Update: My attached project has an even better and more accurate one now too.
(Reference: wikipedia)
Spot on with this write-up, I seriously feel this site
needs much more attention. I'll probably be back again to
see more, thanks for the info!
[…] 자세한 내용은 여기를 참조하십시오 : C # – Email Regular Expression […]
joe@home is a valid email, not invalid, could you fix it?
See this question on Stack Overflow: https://stackoverflow.com/questions/21810464/why-is-this-angular-email-validation-valid
What is your use case? While, yes, joe@home is RFC valid, it is a special case that we don't want to allow to pass. Having this fail is desired.
While joe@home may be valid in highly localized environment, it is invalid 99.99999% of time on the internet.
On the internet, an email without a tld is a bad email. For internet and remote environments, which requires URL registration and dns which means you must have a format like: {domain}.{tld}.
You want me to support the .00001% instead of supporting the %99.99999.
However, you are more than welcome to update the regex yourself. You can change this part.
([\-\w]+\.)+[a-zA-Z]{2,4})
To something like this: (Untested)
([\-\w]((\.[\-\w])+\.[a-zA-Z]{2,4})*)
public static string ComplexEmailPattern4 = "..." ; I would add "readonly" there
Hi
it doesnot work fine when i enter xxx@xxx.xxxxxxxxxxxxxxx
when domain name exceeds 4 characters, this doesnot work.
Can someone fix this?
It used to be that all TLDs were 1-3 characters. However, that has recently changed.
Here is a list of valid TLDs
http://data.iana.org/TLD/tlds-alpha-by-domain.txt
Using regex to validate against this list would be a bad idea. Here is a new regex that is the most complete and passes all RFC rules.
^[\w!
#$%&'*+\-/=?\^_`{|}~]+(\.[\w!#$%&'*+\-/=?\^_`{|}~]+)*@((([\w]+([-\w]*[\w]+)*\.)+[a-zA-Z]+)|((([01]?[0-9]{1,2}|2[0-4][0-9]|25[0-5]).){3}[01]?[0-9]{1,2}|2[0-4][0-9]|25[0-5]))\z
Then after that, I would have a following up check where your code checks that the email ends with a TLD contained in this list: http://data.iana.org/TLD/tlds-alpha-by-domain.txt
tested...i works fine but only one issue
regular expression not working for match test@-test.com or test@test-.com
Are you sure? Neither test-.com or -test.com are valid. I have specific unit tests for both of those being invalid and the unit tests are passing.
From RFC952
The last character must not be a minus sign or period.

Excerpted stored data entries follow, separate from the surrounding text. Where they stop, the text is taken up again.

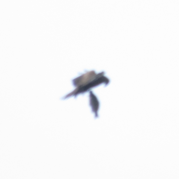 Оказывается, от гнезда к нему на перехват летела самка, явно с претензией на эту добычу. Но самец со своей "заначкой" уже кружил недостижимо высоко в небе. И спешно, прямо на лету поедал её. Самка, поняв, что "заначку" уже не отобрать, вернулась в гнездо. А самец, доев рыбу, тут же спустился с небес и продолжил охоту.
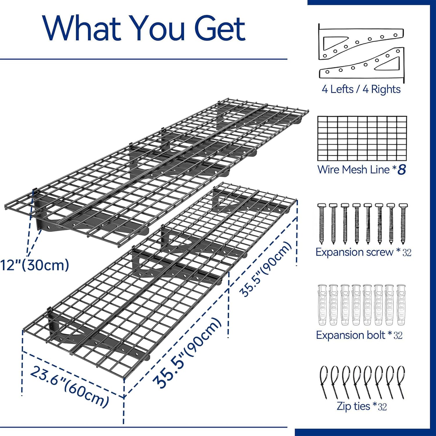 - INTRODUCE:The size of the mesh frame is 70.86"W x 23.6"D (180x60cm/2x6ft), the height of the support frame is 12"H (30cm/1ft).Perfect for holding storage bins, boxes, tires, tools, and more. Maximize your garage organization with ease
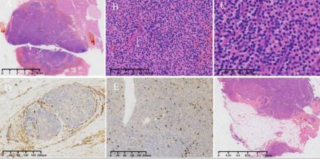 图4 组织病理学图像显示左甲状腺左下段甲状旁腺癌,主要细胞密集生长,结节上有纤维包膜(HE染色,放大倍数×10)。HE染色显示主要细胞实体生长,具有核多形性和有丝分裂计数增加(B放大倍数×200,C放大倍数×400)。ERG免疫组化染色(D放大×100)显示血管浸润的证据。Ki-67在甲状旁腺癌中的增殖指数超过5%(E放大×100)。右颈部皮下结节的组织病理学表现为结节内散在的良性增生甲状旁腺组织(F HE,放大×20)
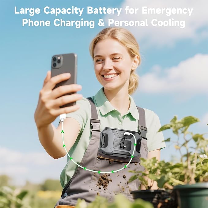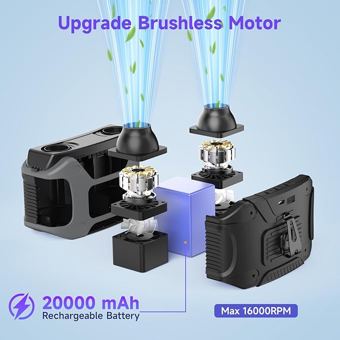 - 【Dual-Outlet 5 Speeds Cooling System】Our innovative wearable fan delivers 18 ft/s powerful airflow through dual outlets - wider coverage than single-outlet fans. The personal fan offers 5 precise speeds (up to 16,000 RPM) from gentle breeze to turbo cooling, ideal for farms, construction sites or hiking.
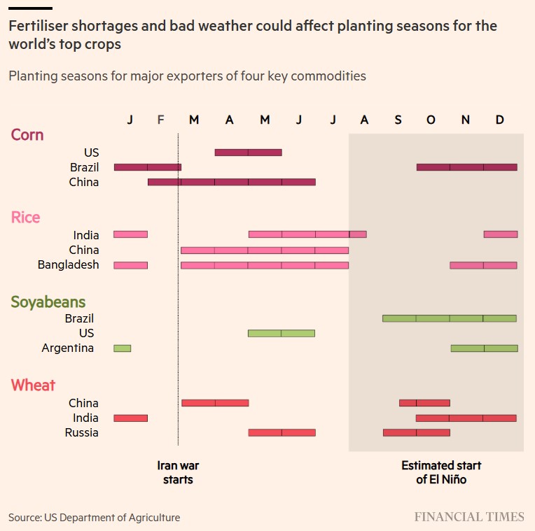 Στη συνέχεια, οι κίνδυνοι γίνονται ακόμα εντονότεροι. Στις χώρες της νότιας Ασίας όπως το Μπαγκλαντές, το Πακιστάν, η Σρι Λάνκα και η Ινδία, η κύρια εποχή σποράς ξεκινά με την έλευση των τυφώνων τον Ιούνιο –μια από τις περιόδους με την υψηλότερη χρήση λιπασμάτων στην παγκόσμια γεωργία, η οποία εξαρτάται σε μεγάλο βαθμό από εισαγωγές από τον Περσικό Κόλπο.
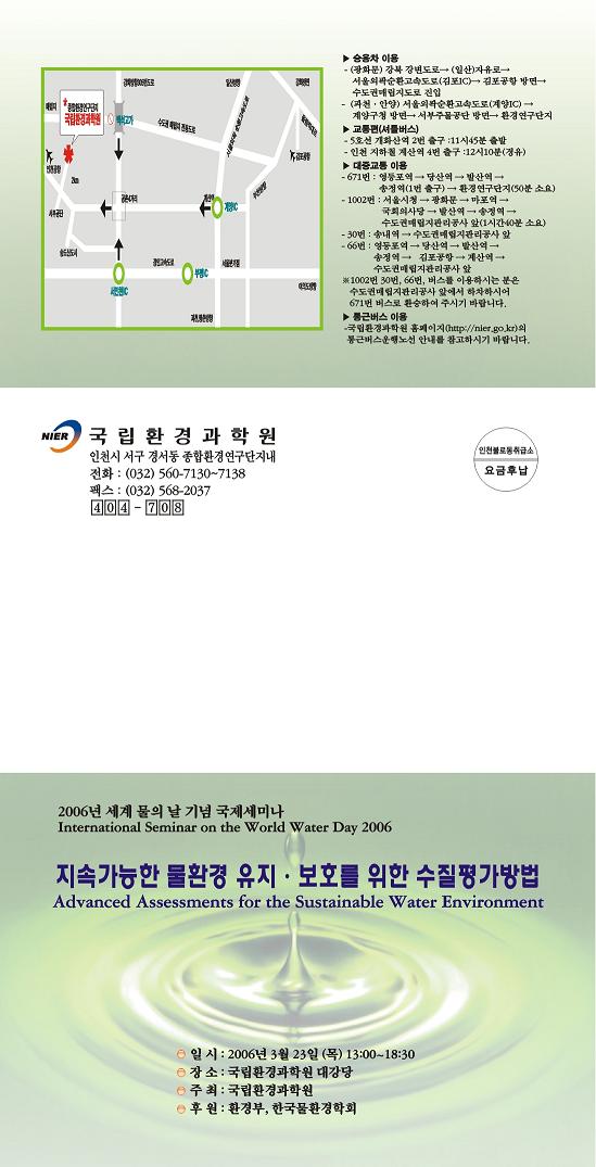 우리 과학원에서는 2006년 세계 물의 날을 기념하여 『지속가능한 물환경 유지.보호를 위한 수질평가방법』이라는 주제로 국내.외 전문가를 모시고 붙임과 같이 국제 세미나를 개최하오니 귀 학회의 홈페이지에 공지하여 회원님들이 많이 참석할 수 있도록 협조하여 주시기 바랍니다.
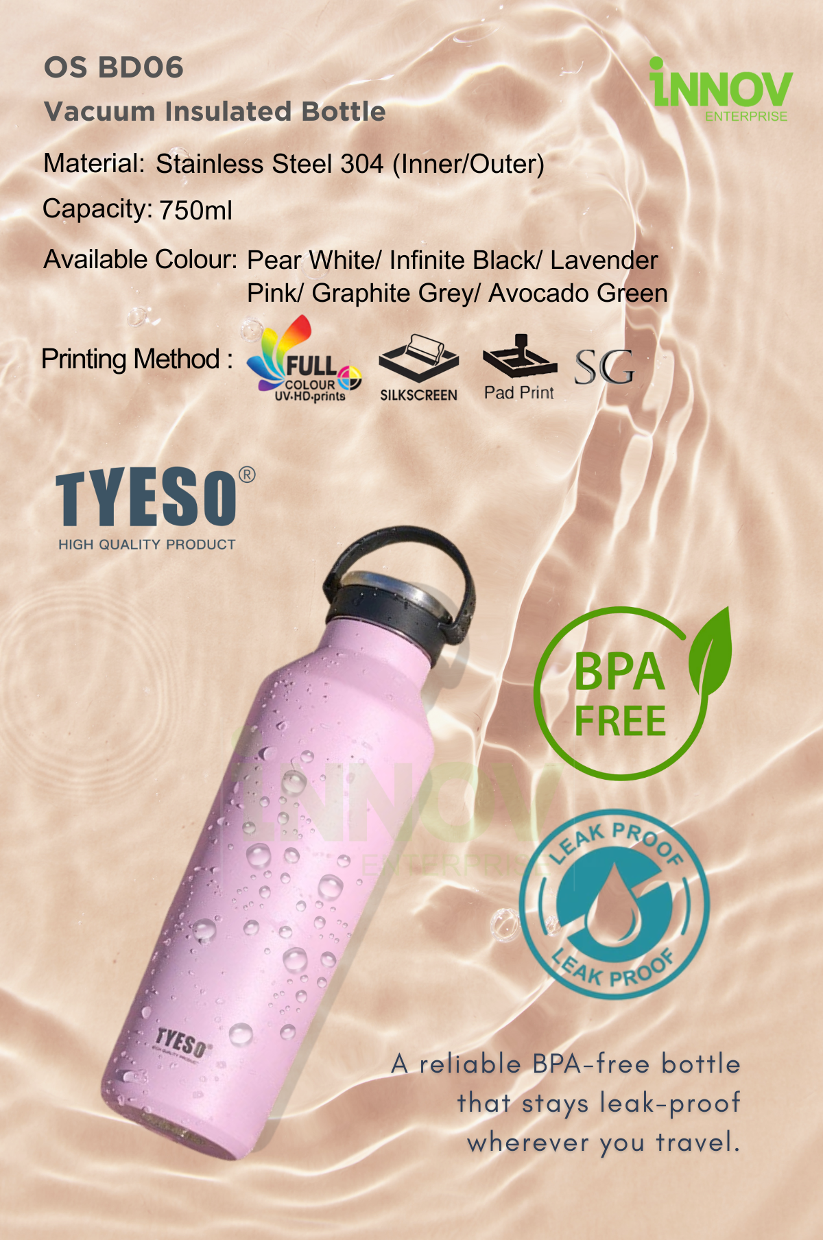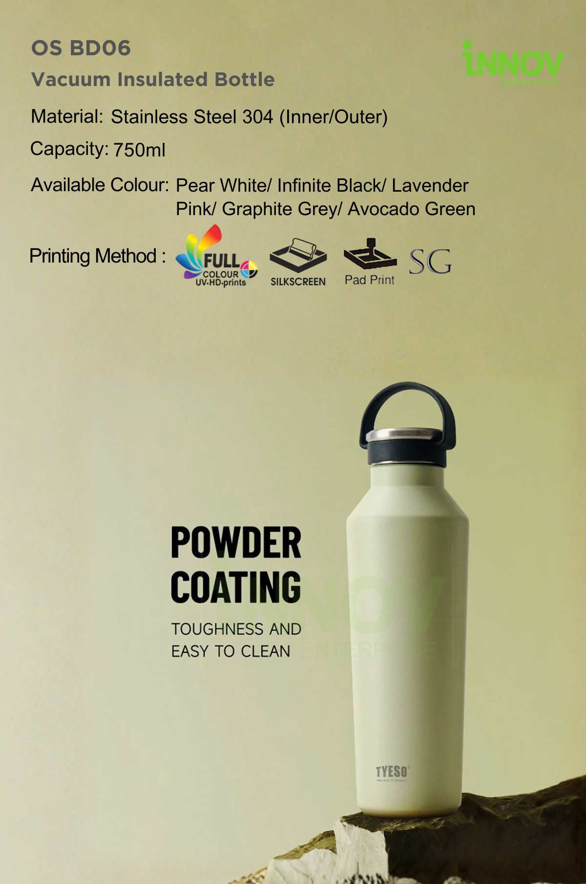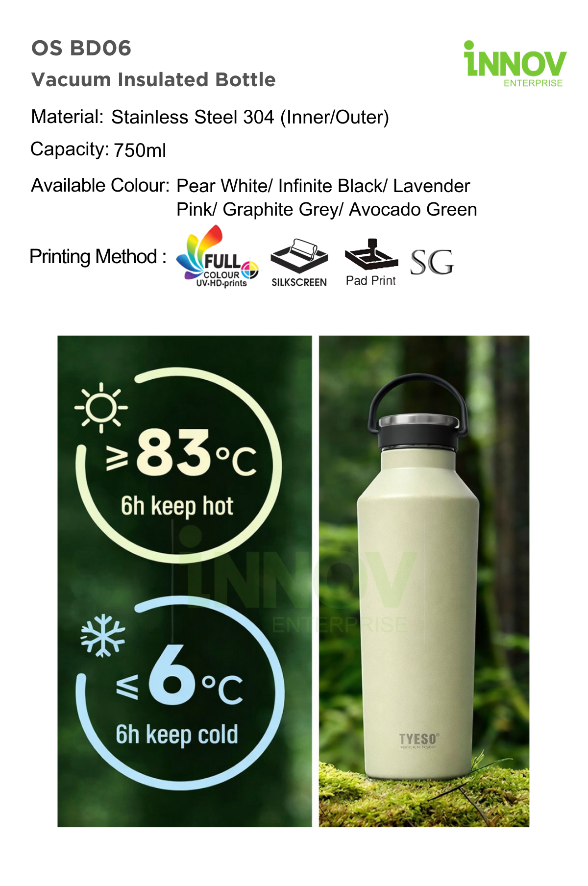The OS BD06 Vacuum Insulated Bottle is a durable and versatile Custom Vacuum Insulated Bottle developed by Innov Enterprise for daily use, corporate gifting, and promotional campaigns. Under the trusted TYESO brand,  this bottle is crafted with double-wall Stainless Steel 304 (inner and outer), it provides dependable insulation to keep beverages hot or cold for extended hours, making it well suited for offices, outdoor activities, commuting, and travel.
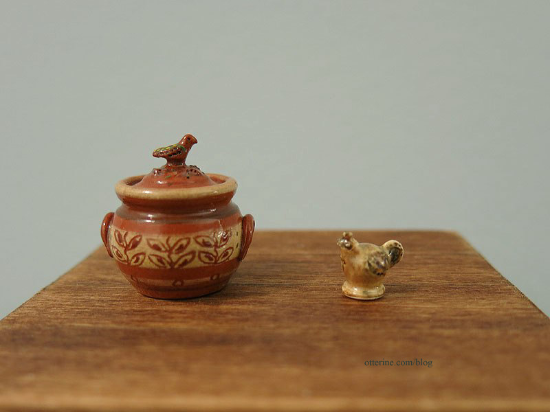 I’ve added a few new minis to my collection. The first is a wonderful honey pot with dipper by David Provan.
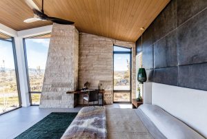 Upwall recognizes that one of the most fundamental aspects of being an artist is that creativity loves constraints. In this case, he needed to design a house for a family of four that would express their sense of adventure; celebrate the valley views without obstructing those vistas for others; and incorporate bold designs that could actually be realized. Hill, who has collaborated with Upwall on other building projects, says, “The home has a stately feel, with the stone mass of the structure creating a shelter, and thin glass panels creating a conditioned space from the outside. By using this method of architecture, the exterior stone becomes the interior stone and vice versa.”
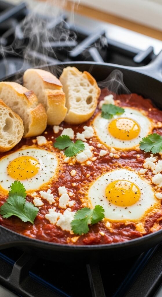 Simmer canned crushed tomatoes with onions, garlic, cumin, and paprika for 10 minutes. Make small wells in the sauce. Crack eggs into the wells. Cover and cook for 5-7 minutes until whites set but yolks stay runny. Sprinkle with feta and cilantro. Serve with bread for dipping. This uses pantry staples and costs almost nothing. Add bell peppers or spinach to the sauce. Use any spices you have. Perfect for breakfast-for-dinner. One pan means easy cleanup.
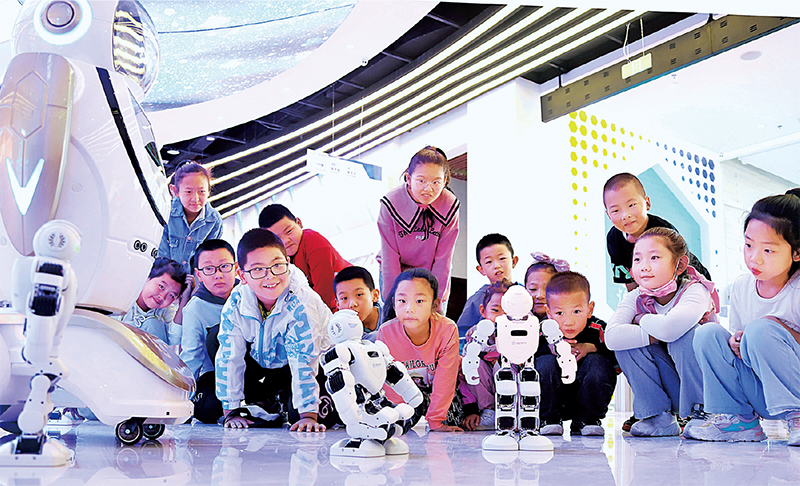 現(xiàn)代科技館體系服務(wù)范圍從城市居民為主拓展到全國(guó)城鄉(xiāng)居民、線上線下公眾,有效促進(jìn)了科學(xué)教育資源的均衡普惠。圖為2021年9月11日,甘肅省張掖市臨澤縣的小學(xué)生在張掖科技館觀看機(jī)器人表演。 求是圖片 王將/攝
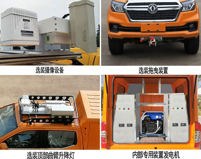 | 备注 | 随多用途货车底盘选装不同样式轮毂、后泊车雷达。选装不同规格前照灯。选装昼间行车灯、雨眉、前泊车雷达。选装行李架。仅选用5290mm长度底盘。车辆前端选装拖曳装置时车长5390mm,前悬1010mm。产品配置发电机,用于提供应急电源;配置抢修工具机构,用于安装抢修工具;选装摄像设备,车高2140mm;选装车顶曲臂照明灯,车高2100mm。车厢两侧前部选装不同样式的装饰孔。ABS型号:ESP9;ABS生产厂:博世汽车部件(苏州)有限公司;发动机最大净功率为105kW。 | ||
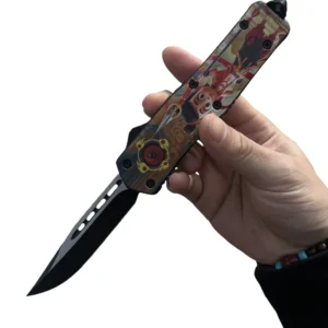 The 5.5″ UTX70 Yellow Series Dessert Warrior OTF Knife brings together playful design and high performance. Featuring a striking yellow anodized handle and a “dessert warrior” motif, this knife combines fun, function, and precision in one compact package. The double-action OTF mechanism provides quick blade deployment with ease, while the ergonomic grip ensures comfort for everyday carry. Whether you’re a collector or someone who enjoys having a unique and reliable tool, this knife is the perfect addition to any EDC setup or display.
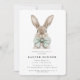 Modern Watercolor Easter Dinner Invitation features an adorable watercolor bunny all decked out in his pastel green polka dot bowtie.
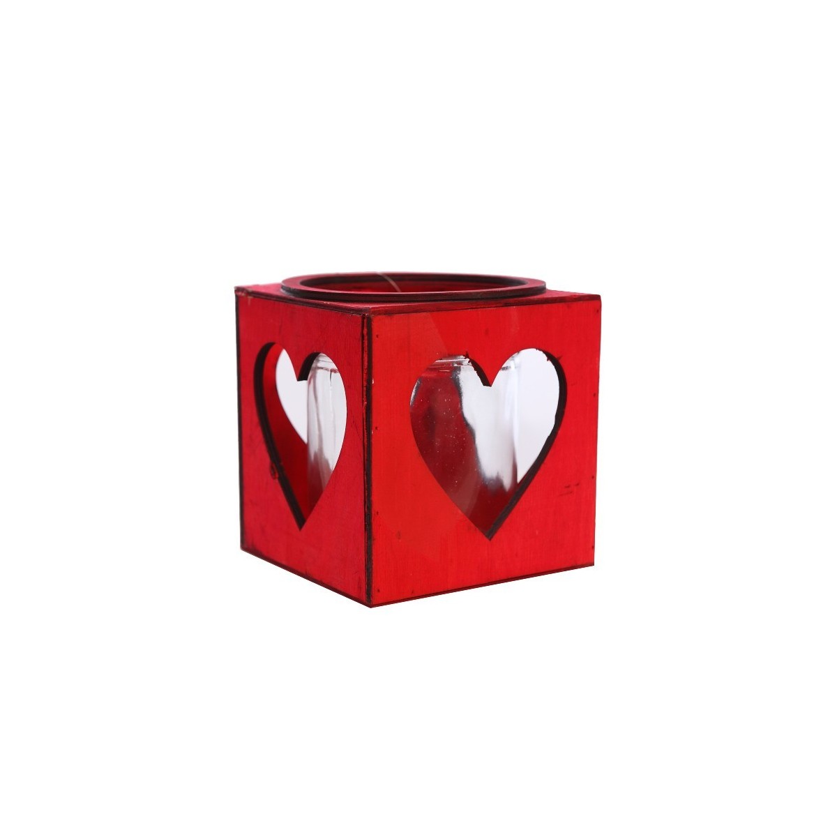 CAJA ROJA MADERA CRISTAL 15CM
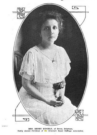 Mrs. Henry Ridgely, President of the Delaware Equal Suffrage Association, said last night in discussing the coming session of the Legislature, with reference to its probable action on the Susan B. Anthony amendment: “Suffrage is an assured fact. No action of the Delaware legislature can delay it more than for a brief season. People of the original thirteen colonies were committed to the cause of independence; so the people of America are today committed to the ballot for their women. Delaware was loyal to America in 1776. She will be loyal to America in 1920. She will prove her loyalty by her action in the historic statehouse at Dover, whose walls witnessed the birth of the first state of the union, and will witness the birth of justice to the daughters of the Union.”
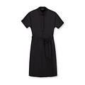 Базовое черное платье приталенного кроя. Отложной воротник, застежка на пуговицы и пояс, акцентирующий талию, добавляют изделию характера. Платье станет отличной основой ваших повседневных и праздничных образов.
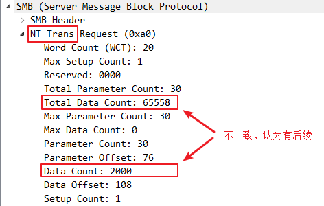 为什么可以使用错误的数据包顺序?而不是一次发送完呢?因为先发送 Trans 类型的数据包,由于大小total data count字段 的值和data count字段的值不一致,SrvSmbTransaction 函数认为这个请求包含多个数据包所以会等待后续的数据包,而不是调用ExecuteTransaction 处理这次请求。
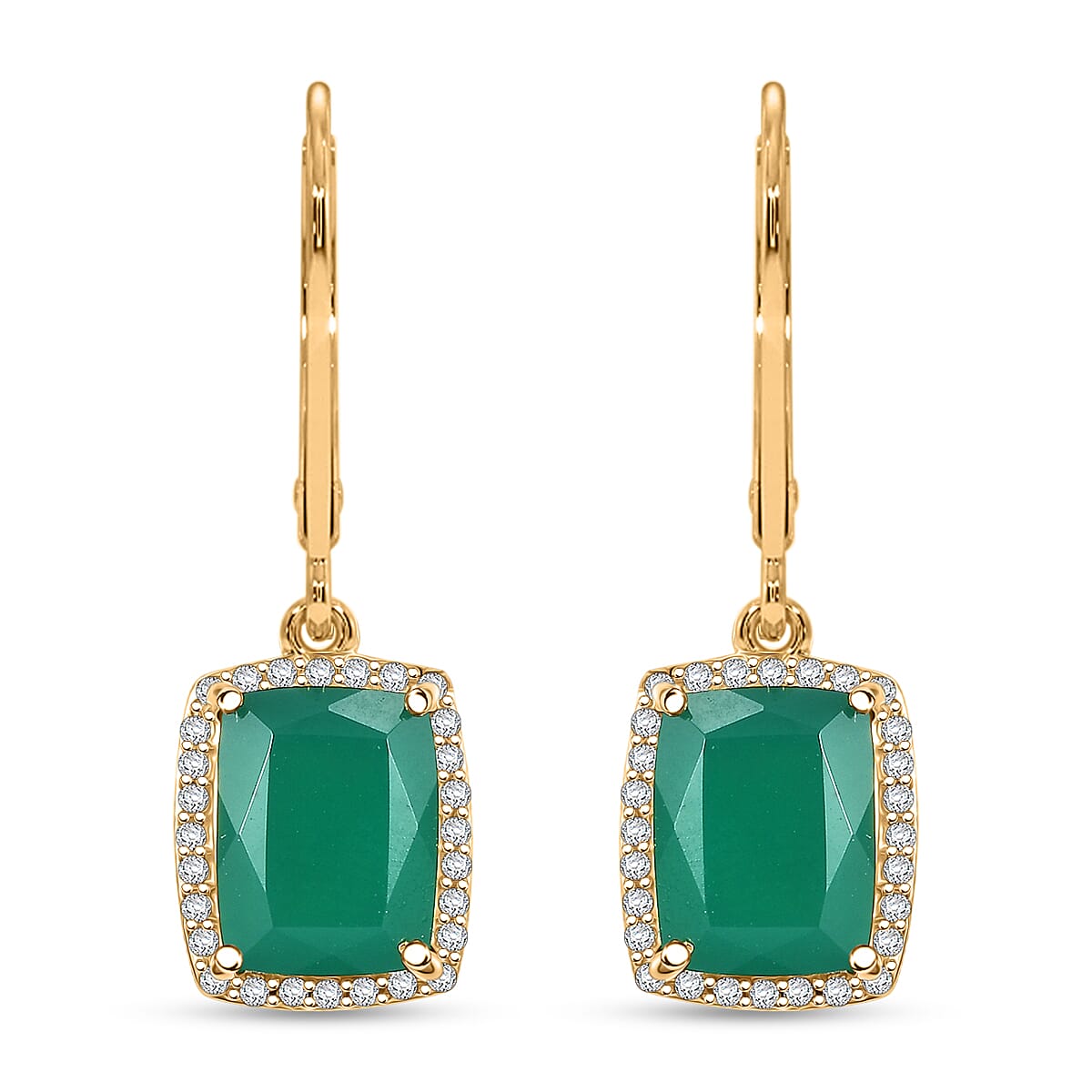 EverTrue Verde Onyx and White Zircon 4.60 ctw Lever Back Earrings in 18K YG Plated
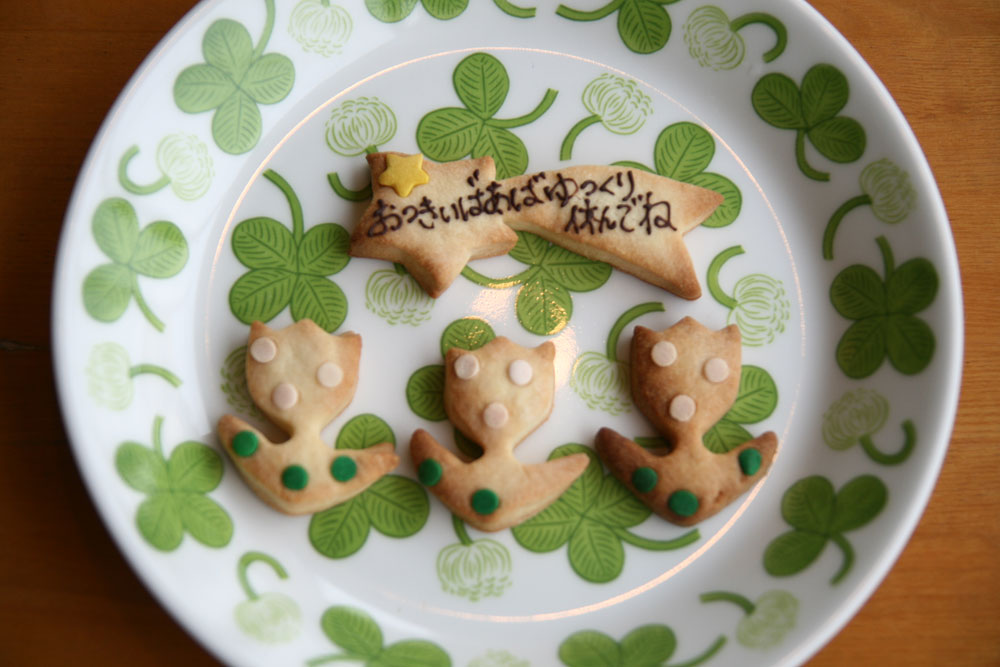 娘の大好きなおおきいばあちゃんが天国にいってしまいました。 なので、ばあちゃんの大好きなお菓子にメッセージを書いてお供えしました。

The first character must be an alpha character.
From RFC 1123
One aspect of host name syntax is hereby changed: the restriction on the first character is relaxed to allow either a letter or a digit.
If a newline character is at the end of the address it passes as valid even against the most complex regex when it should not I guess. Such as "test@test.com\n"
Interesting...
\r works
\r\n works
\n doesn't
I am reading about it here:
http://stackoverflow.com/questions/988951/net-regex-and-newline
Looks like if I replace the very last $ with \z (lowercase z) it works.
Thank you, the shortest and still accurate one I have come across so far.
[...] See updates here: C# – Email Regular Expression [...]
I added a project with Unit tests and fixed a bug or two.
In the project, in the constructor of the EmailValidator object, just set the Pattern to the desired static email regular expression.